Depois do pedido de Yi, não pude mais conter minha irritação. De fato, os desejos humanos não têm limites.

"Yi, já estou me expondo por você, isso é suficiente. Depois de formada, nunca veio falar comigo, e agora, só para pedir isso, não sente vergonha? Acha que trazer presentes me compra?"

Kevin disse: "Acho que uma caixa de Coca-Cola teria sido melhor que uma de Evian."

Olhei para Kevin: "Quanto custa esse vinho?"

"Ah... não é caro... uns cinco mil..."

"Ouviu? Só aqui já bebeu mil reais! Estamos quites!"

"Você... você... Lu Lingxi! Não dá para te entender!" Yi, irritada, bateu o pé.

Decidi acabar de vez com esse vínculo: "Pegue sua Evian e vá embora! Se não sair agora, nem vai ver o assistente do Yang amanhã! Adeus!"

"Você... você..." Mas Yi, sem saber o que fazer, forçou um sorriso: "Então, vou deixar você ocupar-se... nos falamos depois! Pode usar a água para cozinhar."

Saiu correndo pela porta.

Fiquei olhando, irritada, para Kevin, que continuava comendo.

"Comer, comer, só sabe comer! Arrume-se, vamos embora!"

Kevin arregalou os olhos como uvas, largou os talheres, animado: "Mudou de ideia? Vou buscar as ferramentas!"

"Que ferramentas! Vou pegar a marmita para levar comida para Cai!"

Quando voltei com a marmita, Kevin ainda estava comendo...

Não aguentei e joguei a marmita para ele arrumar.

"Irmã, não vai ligar para Cai?"

Pelo retrovisor, lancei um olhar irritado, ainda não tinha me acalmado: "Ligar pra quê?"

"E se Cai não estiver em casa?"

"Tenho a chave!"

Ignorei-o. Na verdade, Cai já dizia há tempos que queria comer minha comida, mas não era como na época da faculdade, quando eu tinha tempo de sobra para cozinhar na casa dela. E, sendo tão preguiçosa, normalmente não ia até lá de ônibus só para isso.

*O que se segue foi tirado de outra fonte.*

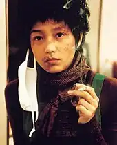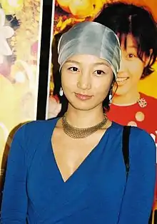 Jang's first starring role was in the 2001 psychological horror film Sorum, in which she was cast against type as Sun-yeong, a chain smoking abused wife. The part required her to look badly bruised and disheveled, and she found the regimen of three packets of cigarettes per day to be quite grueling, despite being a smoker herself.[10] Both the film and Jang's performance received praise from critics, with Peter Y. Paik of The Film Journal commenting, "[Jang] Jin-young is utterly convincing in her portrayal of a battered wife, conveying both vulnerability and grit."[11] Jang won Best New Actress at the Busan Film Critics Awards,[12] Best Actress at the Blue Dragon Film Awards.[13]

Pensando nisso, fiquei triste. Quando terminei meu relacionamento, não queria voltar ao dormitório, nem frequentar aulas. Por uns seis meses, fiquei na casa de Cai, comprando comida, limpando, cozinhando, obrigando-a a provar novos pratos, dormindo... Se consegui me formar, foi graças ao apoio do meu orientador. E se estou viva até hoje... é graças à Cai, Xiaoxiao, Sisi e às ligações diárias da minha mãe.

Hoje, Cai provavelmente não está em casa, pois saiu para um encontro com o namorado. Por isso, só mandei mensagem, sem ligar.

Para garantir, bati algumas vezes na porta, mas ninguém respondeu. Então peguei a chave e entrei.

Ao abrir a porta, Kevin me puxou com força. Quando ia reclamar, ele ergueu o dedo indicador: "Shh!"

Apontou para cima, com um sorriso malicioso. Prestei atenção e realmente ouvi barulho no andar de cima: risadas de Cai, e, ao fundo, a voz de um homem.